What to work on » Without including any pictures, copy every line below exactly.

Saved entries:

------------

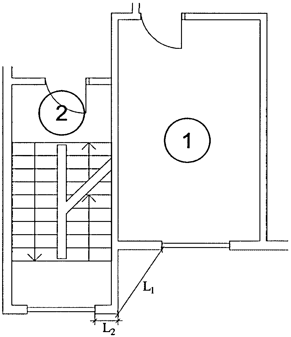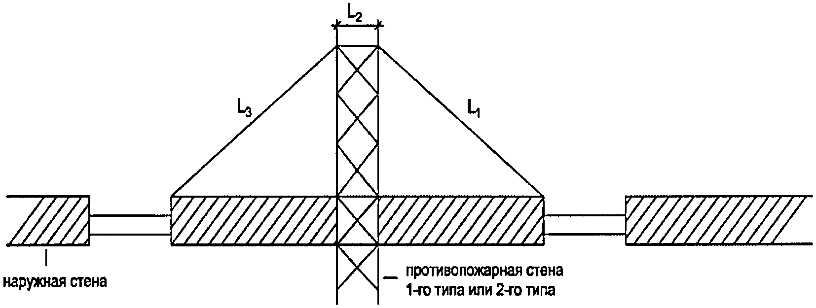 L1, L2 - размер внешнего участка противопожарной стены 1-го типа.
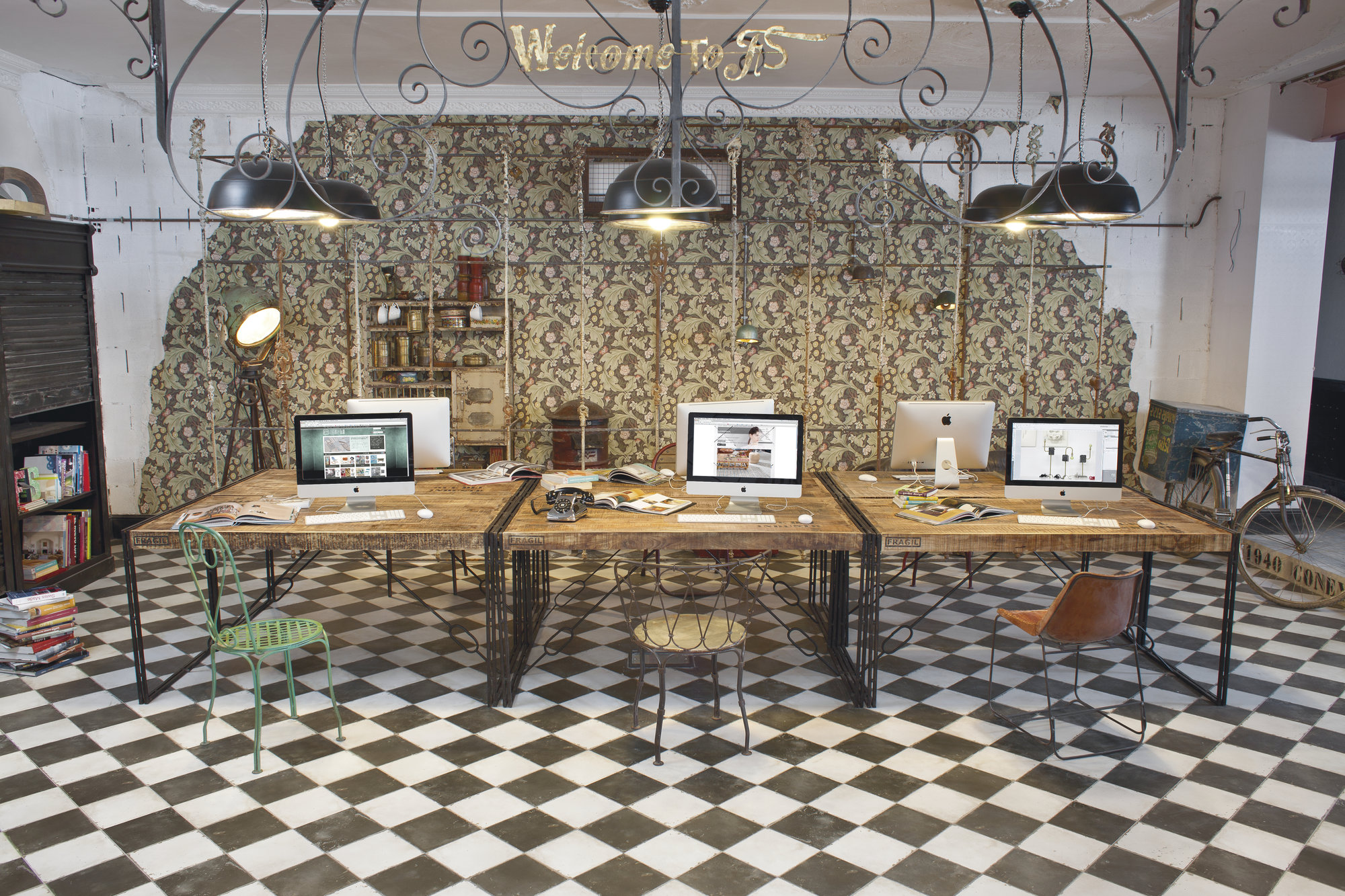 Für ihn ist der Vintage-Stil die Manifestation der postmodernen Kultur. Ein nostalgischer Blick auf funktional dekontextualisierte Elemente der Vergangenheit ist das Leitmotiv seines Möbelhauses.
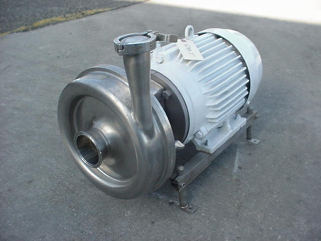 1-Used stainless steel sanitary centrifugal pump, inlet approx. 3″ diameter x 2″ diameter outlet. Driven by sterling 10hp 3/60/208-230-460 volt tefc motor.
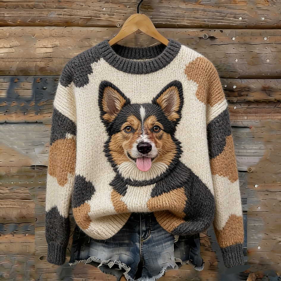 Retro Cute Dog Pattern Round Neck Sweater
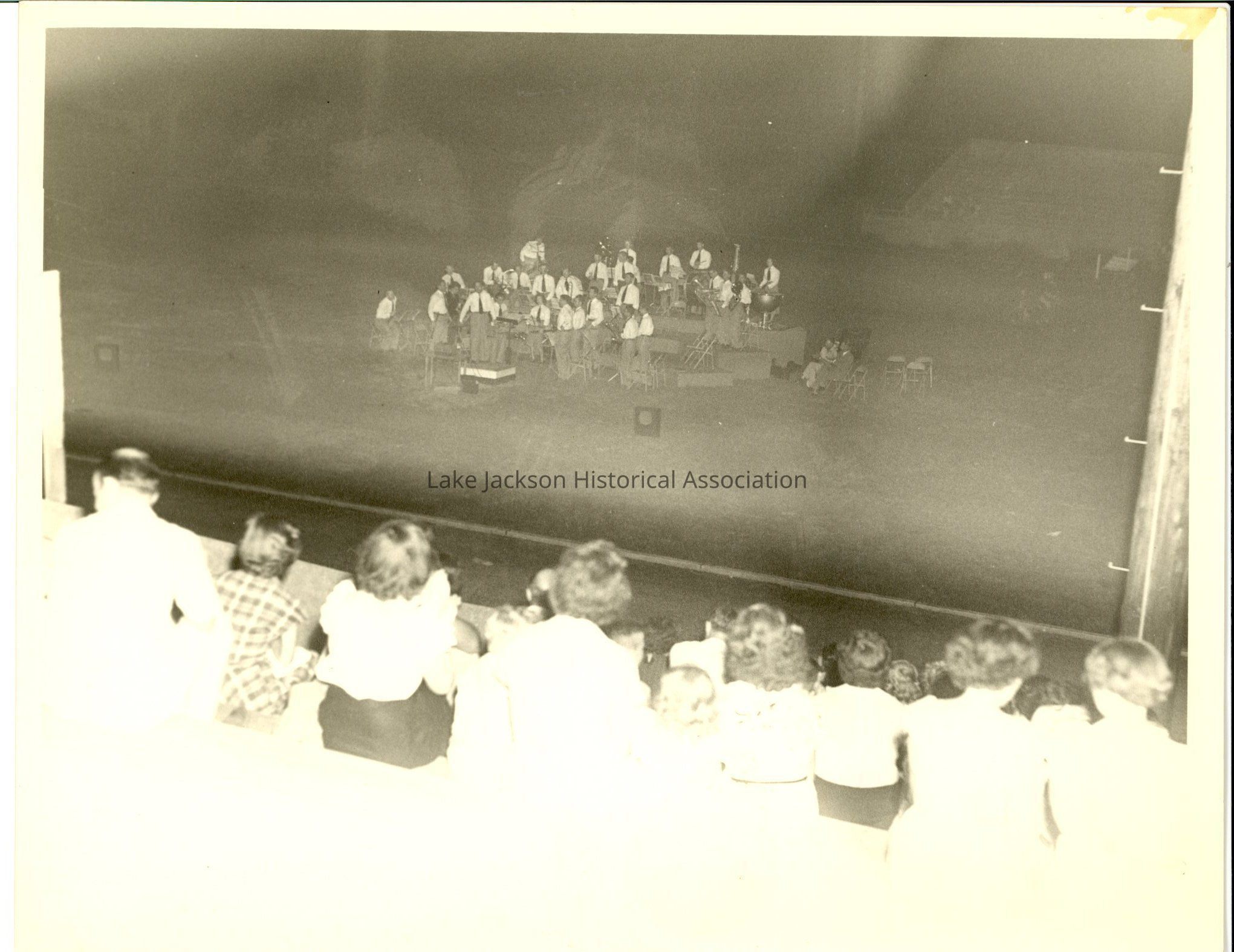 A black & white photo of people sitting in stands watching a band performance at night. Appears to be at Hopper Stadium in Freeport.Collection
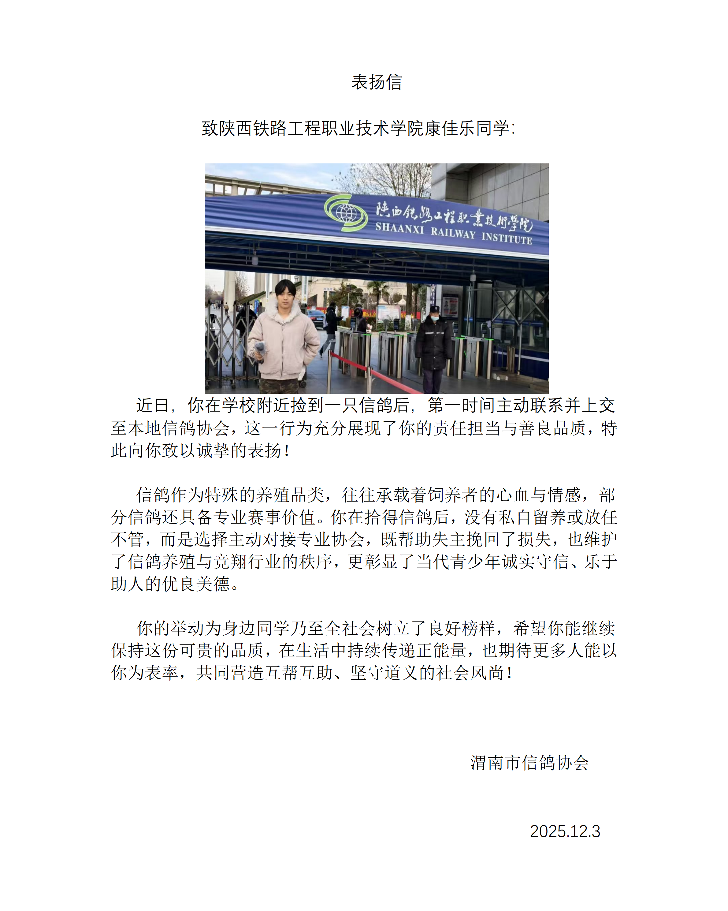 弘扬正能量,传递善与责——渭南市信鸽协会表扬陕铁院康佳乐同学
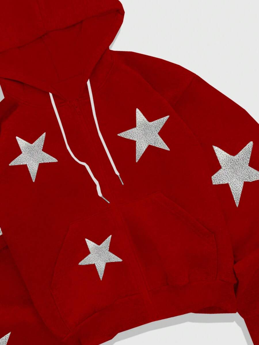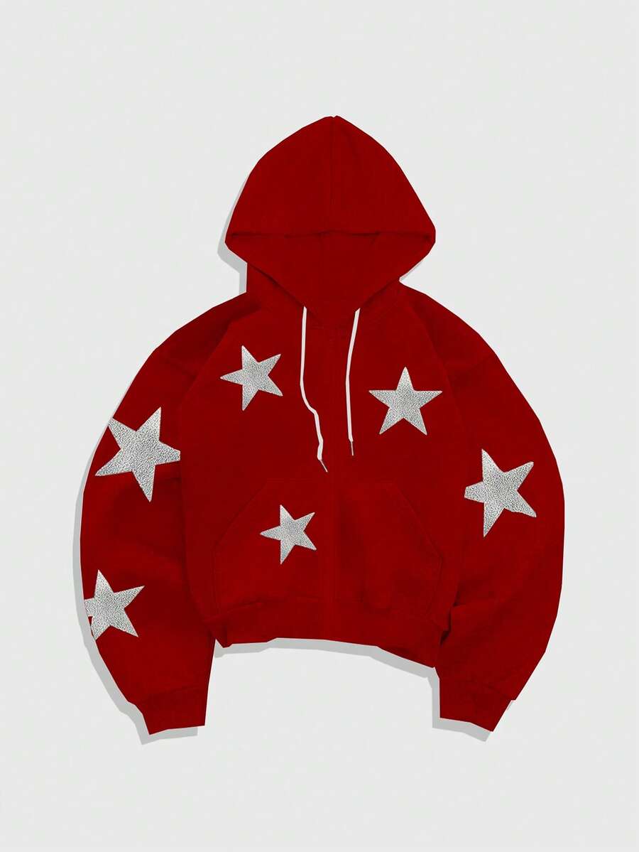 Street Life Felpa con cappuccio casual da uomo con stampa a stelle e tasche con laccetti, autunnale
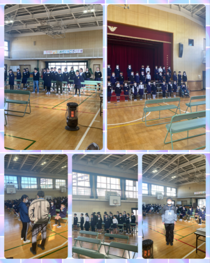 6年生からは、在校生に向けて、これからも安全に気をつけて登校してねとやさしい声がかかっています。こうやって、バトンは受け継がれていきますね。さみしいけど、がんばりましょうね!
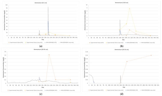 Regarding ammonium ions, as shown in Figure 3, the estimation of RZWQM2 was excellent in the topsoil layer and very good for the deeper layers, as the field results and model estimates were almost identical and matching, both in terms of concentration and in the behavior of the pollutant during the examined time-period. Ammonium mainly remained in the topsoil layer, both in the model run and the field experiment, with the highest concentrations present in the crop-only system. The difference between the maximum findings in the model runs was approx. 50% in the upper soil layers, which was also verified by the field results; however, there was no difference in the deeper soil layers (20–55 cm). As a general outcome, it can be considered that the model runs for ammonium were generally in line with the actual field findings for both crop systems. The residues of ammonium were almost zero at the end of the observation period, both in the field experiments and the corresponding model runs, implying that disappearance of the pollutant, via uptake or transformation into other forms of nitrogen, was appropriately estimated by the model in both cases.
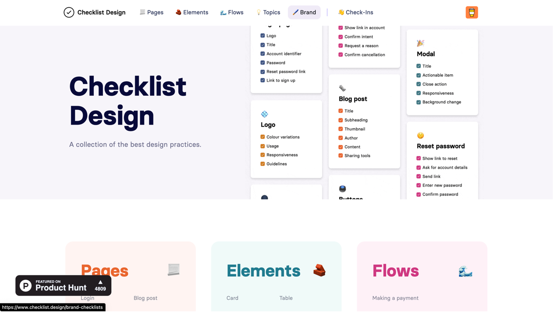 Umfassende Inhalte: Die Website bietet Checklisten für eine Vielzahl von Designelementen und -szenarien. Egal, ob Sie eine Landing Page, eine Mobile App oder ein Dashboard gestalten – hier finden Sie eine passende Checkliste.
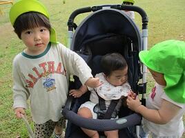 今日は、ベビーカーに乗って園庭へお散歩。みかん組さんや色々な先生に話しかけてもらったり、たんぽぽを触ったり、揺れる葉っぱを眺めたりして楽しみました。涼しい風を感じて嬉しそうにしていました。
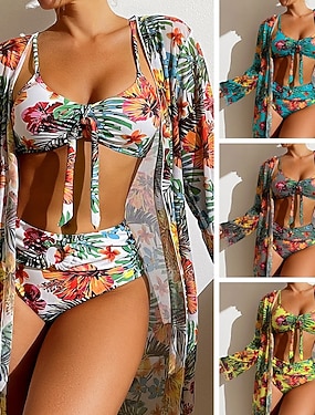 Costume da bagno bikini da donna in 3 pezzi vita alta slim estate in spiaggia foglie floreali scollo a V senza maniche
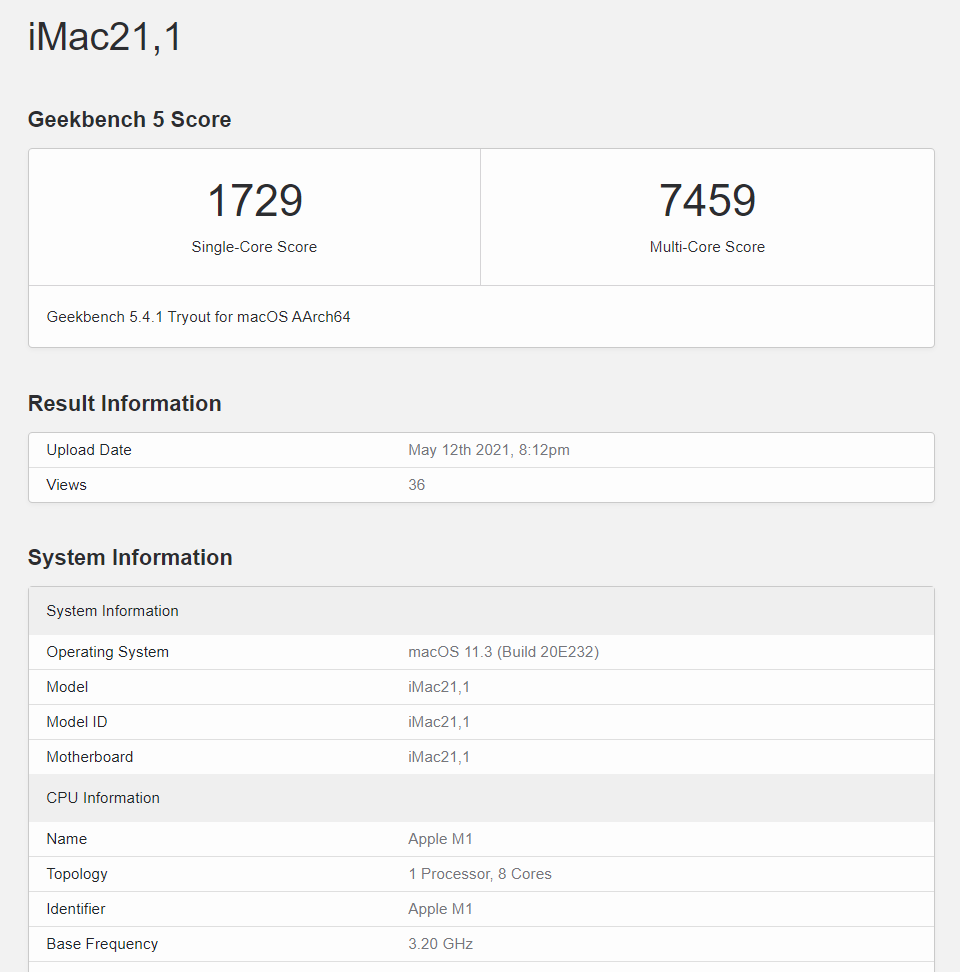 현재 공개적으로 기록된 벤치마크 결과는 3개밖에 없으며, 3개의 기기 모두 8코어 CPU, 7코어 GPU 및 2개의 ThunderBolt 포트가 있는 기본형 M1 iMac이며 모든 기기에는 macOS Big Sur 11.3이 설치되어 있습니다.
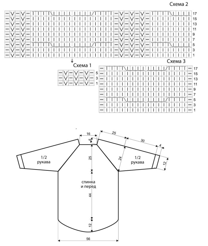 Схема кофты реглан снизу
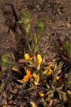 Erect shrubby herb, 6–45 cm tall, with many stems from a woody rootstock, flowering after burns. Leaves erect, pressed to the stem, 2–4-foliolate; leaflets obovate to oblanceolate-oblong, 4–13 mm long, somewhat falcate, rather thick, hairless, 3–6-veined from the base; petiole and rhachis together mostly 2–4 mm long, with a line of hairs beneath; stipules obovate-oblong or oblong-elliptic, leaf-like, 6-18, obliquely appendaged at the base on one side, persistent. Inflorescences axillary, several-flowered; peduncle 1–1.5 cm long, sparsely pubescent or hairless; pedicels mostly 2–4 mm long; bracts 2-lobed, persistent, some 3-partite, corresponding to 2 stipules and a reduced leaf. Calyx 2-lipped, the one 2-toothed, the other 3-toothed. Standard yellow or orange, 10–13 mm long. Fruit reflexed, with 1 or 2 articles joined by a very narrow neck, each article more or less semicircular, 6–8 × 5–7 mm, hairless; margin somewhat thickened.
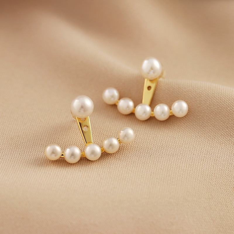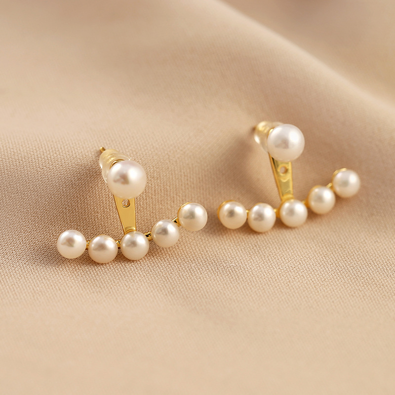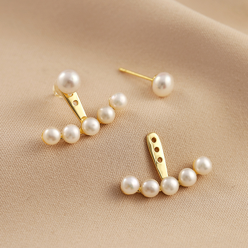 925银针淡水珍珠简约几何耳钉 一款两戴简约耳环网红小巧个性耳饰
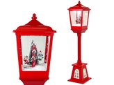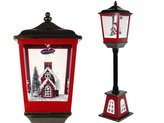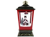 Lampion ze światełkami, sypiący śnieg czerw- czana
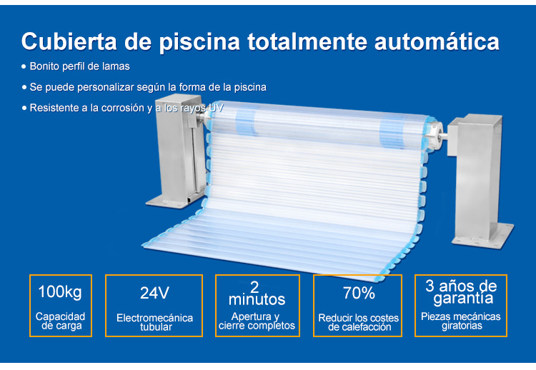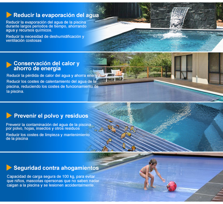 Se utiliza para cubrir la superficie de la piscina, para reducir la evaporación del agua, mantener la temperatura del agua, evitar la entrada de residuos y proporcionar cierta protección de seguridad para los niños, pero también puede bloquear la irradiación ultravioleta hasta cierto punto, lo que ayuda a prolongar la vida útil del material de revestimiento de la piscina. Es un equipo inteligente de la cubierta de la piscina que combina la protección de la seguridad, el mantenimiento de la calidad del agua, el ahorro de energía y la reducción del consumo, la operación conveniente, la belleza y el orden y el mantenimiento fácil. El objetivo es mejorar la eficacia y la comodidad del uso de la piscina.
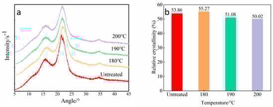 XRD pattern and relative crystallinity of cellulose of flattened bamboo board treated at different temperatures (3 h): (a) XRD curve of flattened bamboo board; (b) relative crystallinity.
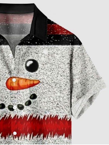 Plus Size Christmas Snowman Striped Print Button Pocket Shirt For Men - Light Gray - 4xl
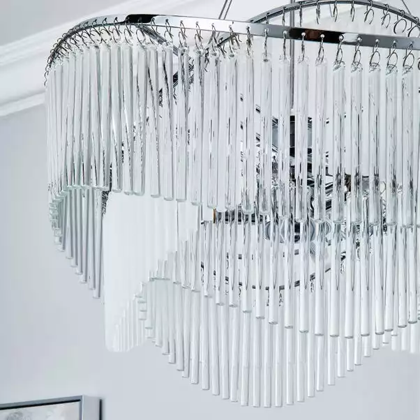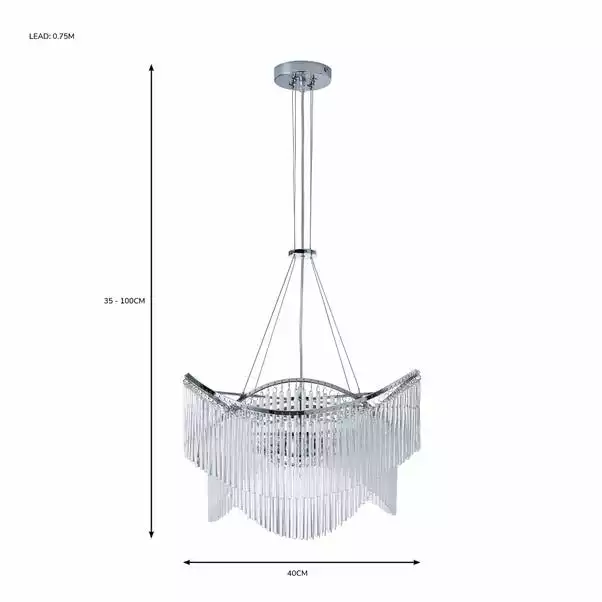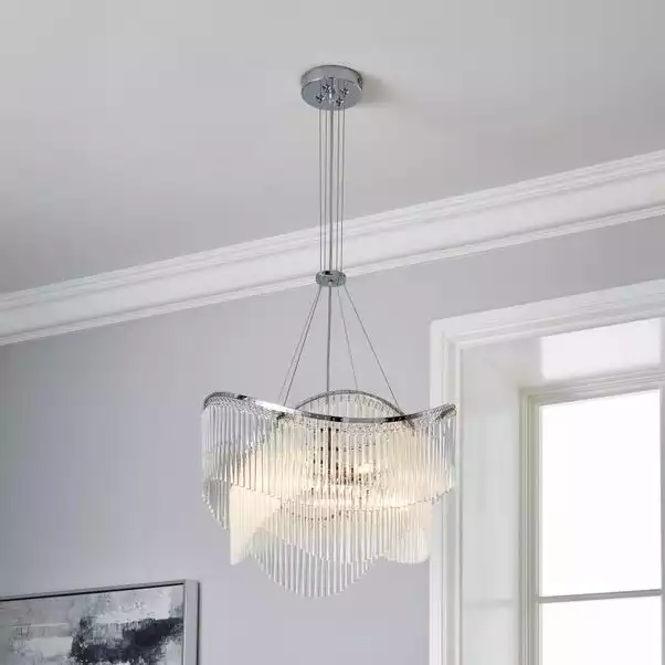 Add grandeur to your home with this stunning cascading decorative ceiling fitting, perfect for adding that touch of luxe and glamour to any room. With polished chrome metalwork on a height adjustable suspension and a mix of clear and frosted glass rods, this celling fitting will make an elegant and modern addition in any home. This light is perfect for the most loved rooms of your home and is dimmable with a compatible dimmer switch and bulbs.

------------

Response for this exercise »
 L1, L2 - размер внешнего участка противопожарной стены 1-го типа.
 Für ihn ist der Vintage-Stil die Manifestation der postmodernen Kultur. Ein nostalgischer Blick auf funktional dekontextualisierte Elemente der Vergangenheit ist das Leitmotiv seines Möbelhauses.
 1-Used stainless steel sanitary centrifugal pump, inlet approx. 3″ diameter x 2″ diameter outlet. Driven by sterling 10hp 3/60/208-230-460 volt tefc motor.
 Retro Cute Dog Pattern Round Neck Sweater
 A black & white photo of people sitting in stands watching a band performance at night. Appears to be at Hopper Stadium in Freeport.Collection
 弘扬正能量,传递善与责——渭南市信鸽协会表扬陕铁院康佳乐同学
 Street Life Felpa con cappuccio casual da uomo con stampa a stelle e tasche con laccetti, autunnale
 6年生からは、在校生に向けて、これからも安全に気をつけて登校してねとやさしい声がかかっています。こうやって、バトンは受け継がれていきますね。さみしいけど、がんばりましょうね!
 Regarding ammonium ions, as shown in Figure 3, the estimation of RZWQM2 was excellent in the topsoil layer and very good for the deeper layers, as the field results and model estimates were almost identical and matching, both in terms of concentration and in the behavior of the pollutant during the examined time-period. Ammonium mainly remained in the topsoil layer, both in the model run and the field experiment, with the highest concentrations present in the crop-only system. The difference between the maximum findings in the model runs was approx. 50% in the upper soil layers, which was also verified by the field results; however, there was no difference in the deeper soil layers (20–55 cm). As a general outcome, it can be considered that the model runs for ammonium were generally in line with the actual field findings for both crop systems. The residues of ammonium were almost zero at the end of the observation period, both in the field experiments and the corresponding model runs, implying that disappearance of the pollutant, via uptake or transformation into other forms of nitrogen, was appropriately estimated by the model in both cases.
 Umfassende Inhalte: Die Website bietet Checklisten für eine Vielzahl von Designelementen und -szenarien. Egal, ob Sie eine Landing Page, eine Mobile App oder ein Dashboard gestalten – hier finden Sie eine passende Checkliste.
 今日は、ベビーカーに乗って園庭へお散歩。みかん組さんや色々な先生に話しかけてもらったり、たんぽぽを触ったり、揺れる葉っぱを眺めたりして楽しみました。涼しい風を感じて嬉しそうにしていました。
 Costume da bagno bikini da donna in 3 pezzi vita alta slim estate in spiaggia foglie floreali scollo a V senza maniche
 현재 공개적으로 기록된 벤치마크 결과는 3개밖에 없으며, 3개의 기기 모두 8코어 CPU, 7코어 GPU 및 2개의 ThunderBolt 포트가 있는 기본형 M1 iMac이며 모든 기기에는 macOS Big Sur 11.3이 설치되어 있습니다.
 Схема кофты реглан снизу
 Erect shrubby herb, 6–45 cm tall, with many stems from a woody rootstock, flowering after burns. Leaves erect, pressed to the stem, 2–4-foliolate; leaflets obovate to oblanceolate-oblong, 4–13 mm long, somewhat falcate, rather thick, hairless, 3–6-veined from the base; petiole and rhachis together mostly 2–4 mm long, with a line of hairs beneath; stipules obovate-oblong or oblong-elliptic, leaf-like, 6-18, obliquely appendaged at the base on one side, persistent. Inflorescences axillary, several-flowered; peduncle 1–1.5 cm long, sparsely pubescent or hairless; pedicels mostly 2–4 mm long; bracts 2-lobed, persistent, some 3-partite, corresponding to 2 stipules and a reduced leaf. Calyx 2-lipped, the one 2-toothed, the other 3-toothed. Standard yellow or orange, 10–13 mm long. Fruit reflexed, with 1 or 2 articles joined by a very narrow neck, each article more or less semicircular, 6–8 × 5–7 mm, hairless; margin somewhat thickened.
 925银针淡水珍珠简约几何耳钉 一款两戴简约耳环网红小巧个性耳饰
 Lampion ze światełkami, sypiący śnieg czerw- czana
 Se utiliza para cubrir la superficie de la piscina, para reducir la evaporación del agua, mantener la temperatura del agua, evitar la entrada de residuos y proporcionar cierta protección de seguridad para los niños, pero también puede bloquear la irradiación ultravioleta hasta cierto punto, lo que ayuda a prolongar la vida útil del material de revestimiento de la piscina. Es un equipo inteligente de la cubierta de la piscina que combina la protección de la seguridad, el mantenimiento de la calidad del agua, el ahorro de energía y la reducción del consumo, la operación conveniente, la belleza y el orden y el mantenimiento fácil. El objetivo es mejorar la eficacia y la comodidad del uso de la piscina.
 XRD pattern and relative crystallinity of cellulose of flattened bamboo board treated at different temperatures (3 h): (a) XRD curve of flattened bamboo board; (b) relative crystallinity.
 Plus Size Christmas Snowman Striped Print Button Pocket Shirt For Men - Light Gray - 4xl
 Add grandeur to your home with this stunning cascading decorative ceiling fitting, perfect for adding that touch of luxe and glamour to any room. With polished chrome metalwork on a height adjustable suspension and a mix of clear and frosted glass rods, this celling fitting will make an elegant and modern addition in any home. This light is perfect for the most loved rooms of your home and is dimmable with a compatible dimmer switch and bulbs.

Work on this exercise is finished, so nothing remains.